--- Work order ---
Repeat the listing word for word. No pictures belong in the copy.

________________________________________

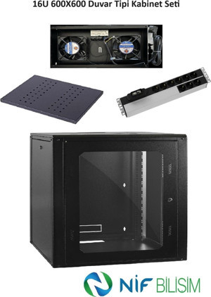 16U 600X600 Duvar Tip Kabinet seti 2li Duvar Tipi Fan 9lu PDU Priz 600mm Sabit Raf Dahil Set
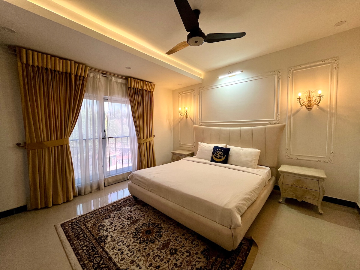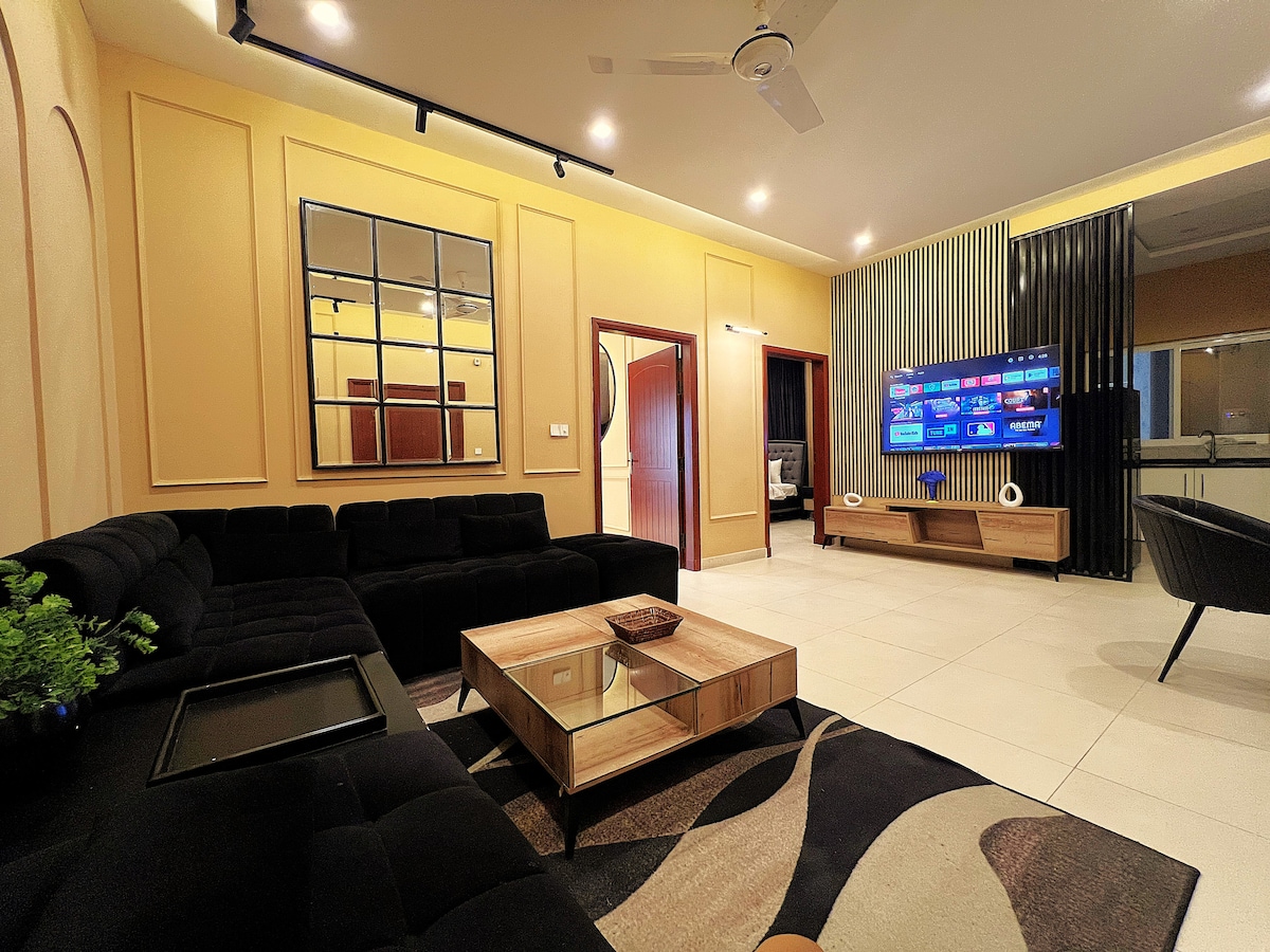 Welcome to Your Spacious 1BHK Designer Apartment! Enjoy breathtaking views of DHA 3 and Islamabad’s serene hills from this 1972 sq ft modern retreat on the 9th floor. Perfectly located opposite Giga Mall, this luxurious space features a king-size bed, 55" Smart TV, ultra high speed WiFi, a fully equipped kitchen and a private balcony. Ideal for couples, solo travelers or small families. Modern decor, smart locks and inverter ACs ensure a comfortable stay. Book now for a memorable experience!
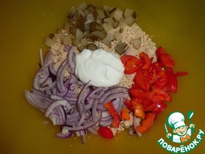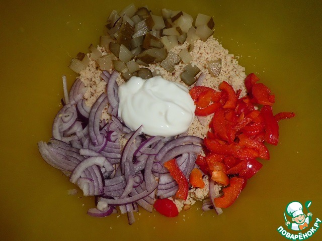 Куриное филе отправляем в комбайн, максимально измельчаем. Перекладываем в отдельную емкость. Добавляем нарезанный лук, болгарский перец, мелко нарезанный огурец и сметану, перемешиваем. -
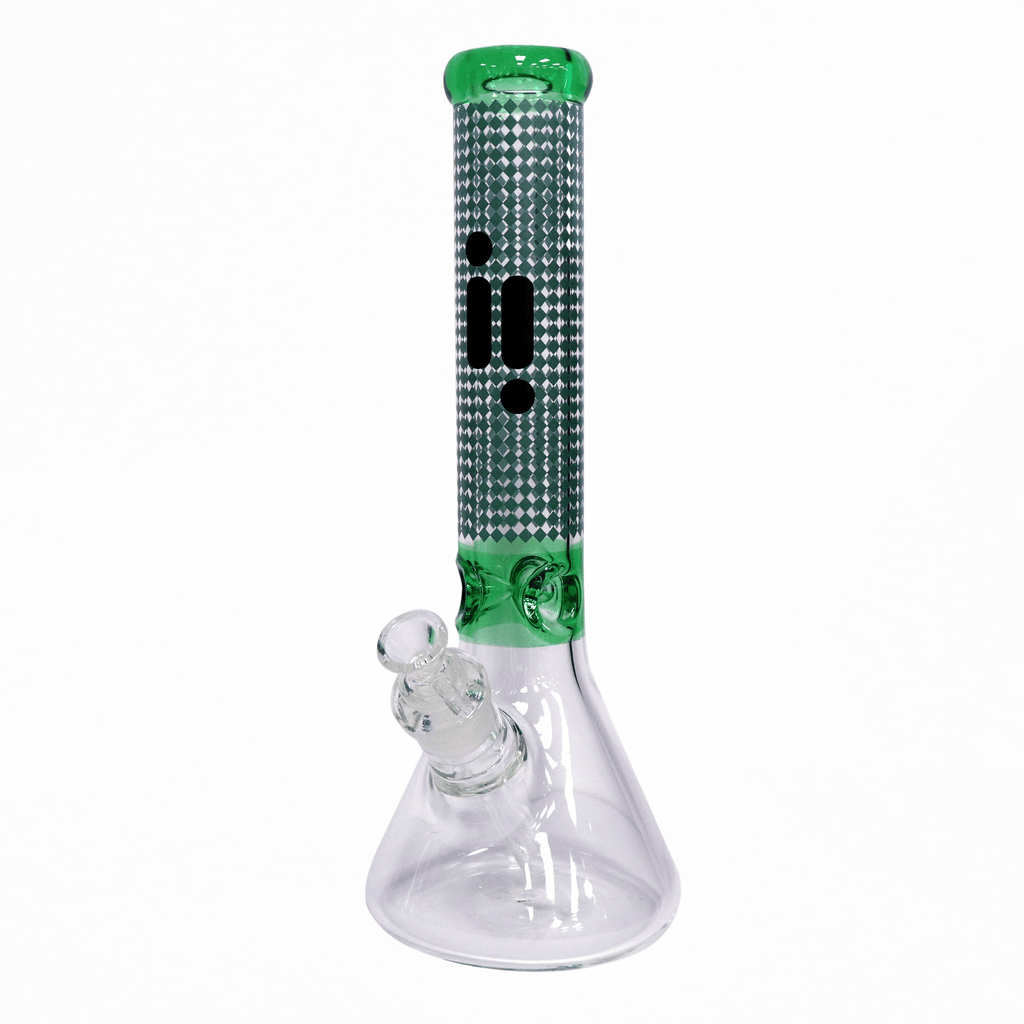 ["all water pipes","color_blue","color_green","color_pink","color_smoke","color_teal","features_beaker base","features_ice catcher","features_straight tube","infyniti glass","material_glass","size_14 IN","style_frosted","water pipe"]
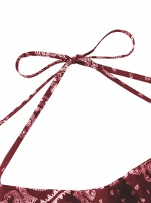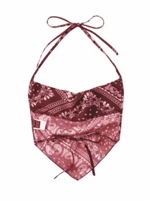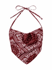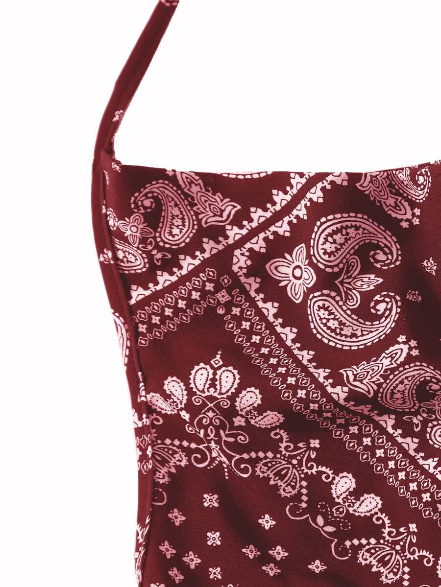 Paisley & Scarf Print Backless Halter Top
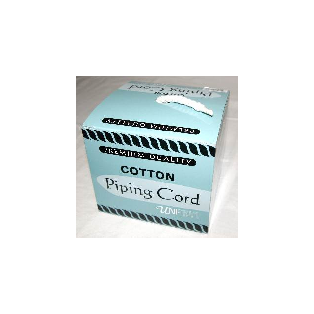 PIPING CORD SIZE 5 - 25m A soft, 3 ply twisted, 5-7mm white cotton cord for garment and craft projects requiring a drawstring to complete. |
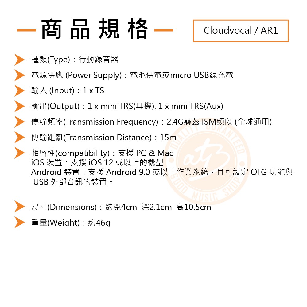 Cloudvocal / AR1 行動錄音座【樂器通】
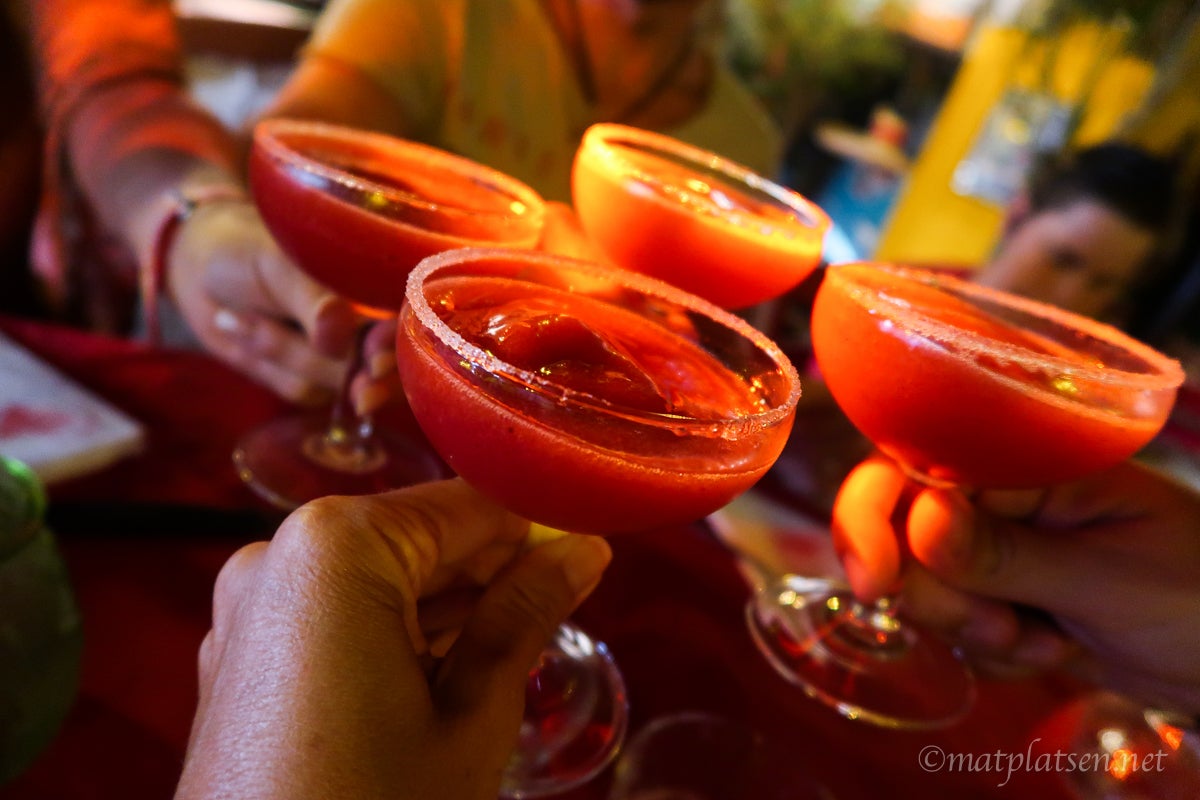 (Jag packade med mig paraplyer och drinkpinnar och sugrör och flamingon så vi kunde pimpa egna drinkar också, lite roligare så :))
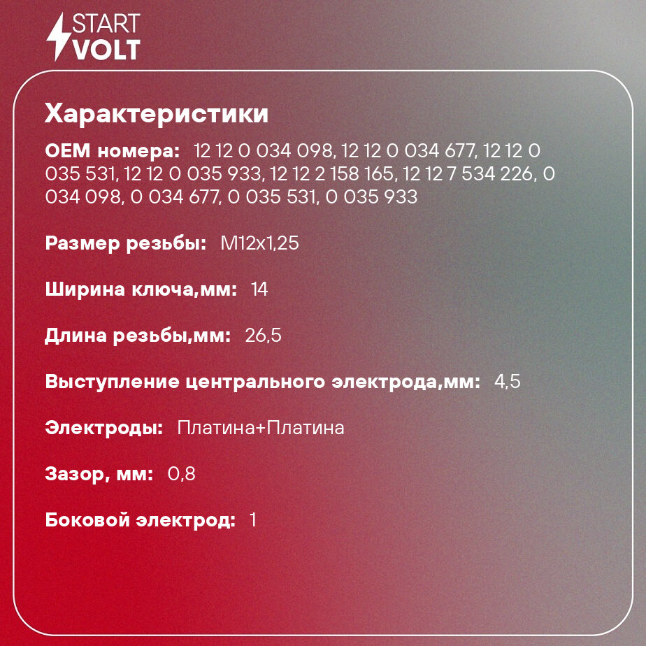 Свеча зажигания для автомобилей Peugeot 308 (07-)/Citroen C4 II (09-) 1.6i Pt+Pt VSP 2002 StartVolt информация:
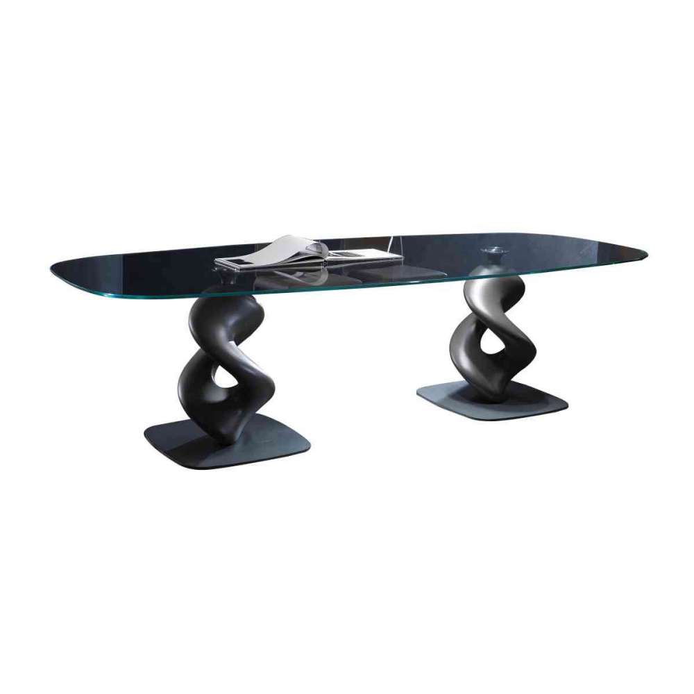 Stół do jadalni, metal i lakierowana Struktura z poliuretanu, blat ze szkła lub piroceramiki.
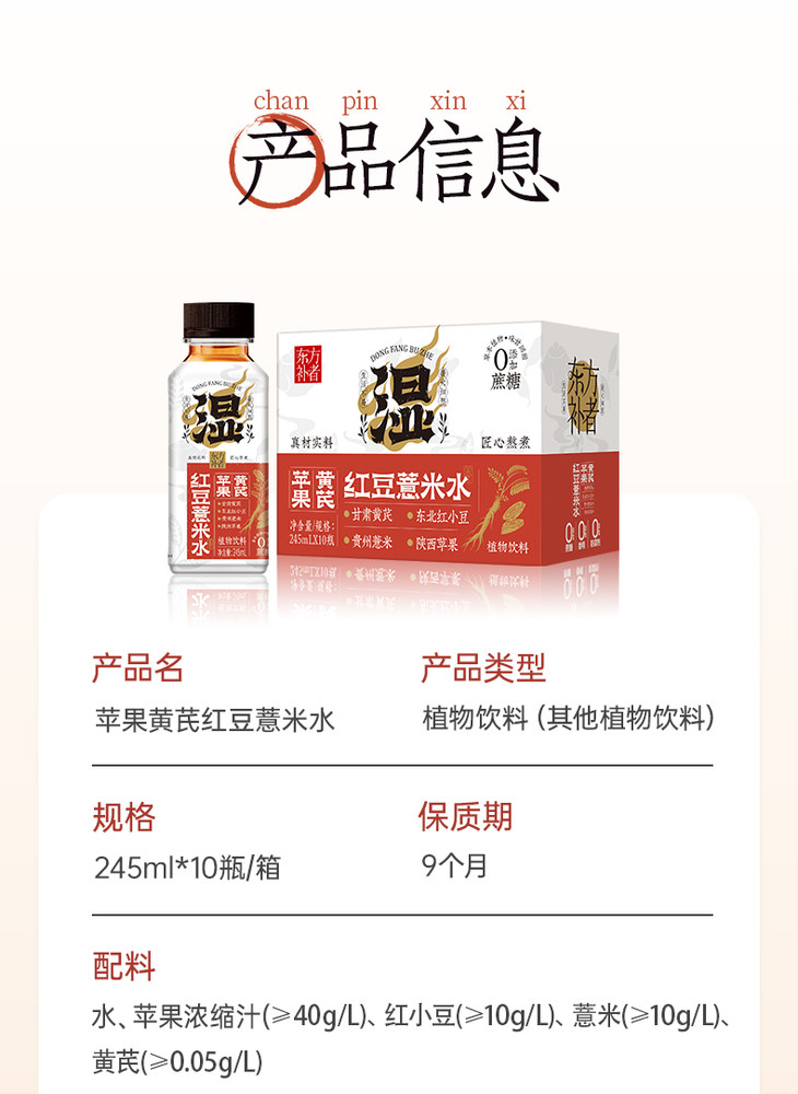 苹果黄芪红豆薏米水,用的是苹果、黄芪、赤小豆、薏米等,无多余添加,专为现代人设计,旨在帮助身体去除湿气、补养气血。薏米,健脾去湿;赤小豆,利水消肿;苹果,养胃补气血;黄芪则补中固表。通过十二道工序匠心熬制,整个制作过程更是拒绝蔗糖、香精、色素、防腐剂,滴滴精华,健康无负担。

________________________________________

--- Answer to this exercise ---
 16U 600X600 Duvar Tip Kabinet seti 2li Duvar Tipi Fan 9lu PDU Priz 600mm Sabit Raf Dahil Set
 Welcome to Your Spacious 1BHK Designer Apartment! Enjoy breathtaking views of DHA 3 and Islamabad’s serene hills from this 1972 sq ft modern retreat on the 9th floor. Perfectly located opposite Giga Mall, this luxurious space features a king-size bed, 55" Smart TV, ultra high speed WiFi, a fully equipped kitchen and a private balcony. Ideal for couples, solo travelers or small families. Modern decor, smart locks and inverter ACs ensure a comfortable stay. Book now for a memorable experience!
 Куриное филе отправляем в комбайн, максимально измельчаем. Перекладываем в отдельную емкость. Добавляем нарезанный лук, болгарский перец, мелко нарезанный огурец и сметану, перемешиваем. -
 ["all water pipes","color_blue","color_green","color_pink","color_smoke","color_teal","features_beaker base","features_ice catcher","features_straight tube","infyniti glass","material_glass","size_14 IN","style_frosted","water pipe"]
 Paisley & Scarf Print Backless Halter Top
 PIPING CORD SIZE 5 - 25m A soft, 3 ply twisted, 5-7mm white cotton cord for garment and craft projects requiring a drawstring to complete. |
 Cloudvocal / AR1 行動錄音座【樂器通】
 (Jag packade med mig paraplyer och drinkpinnar och sugrör och flamingon så vi kunde pimpa egna drinkar också, lite roligare så :))
 Свеча зажигания для автомобилей Peugeot 308 (07-)/Citroen C4 II (09-) 1.6i Pt+Pt VSP 2002 StartVolt информация:
 Stół do jadalni, metal i lakierowana Struktura z poliuretanu, blat ze szkła lub piroceramiki.
 苹果黄芪红豆薏米水,用的是苹果、黄芪、赤小豆、薏米等,无多余添加,专为现代人设计,旨在帮助身体去除湿气、补养气血。薏米,健脾去湿;赤小豆,利水消肿;苹果,养胃补气血;黄芪则补中固表。通过十二道工序匠心熬制,整个制作过程更是拒绝蔗糖、香精、色素、防腐剂,滴滴精华,健康无负担。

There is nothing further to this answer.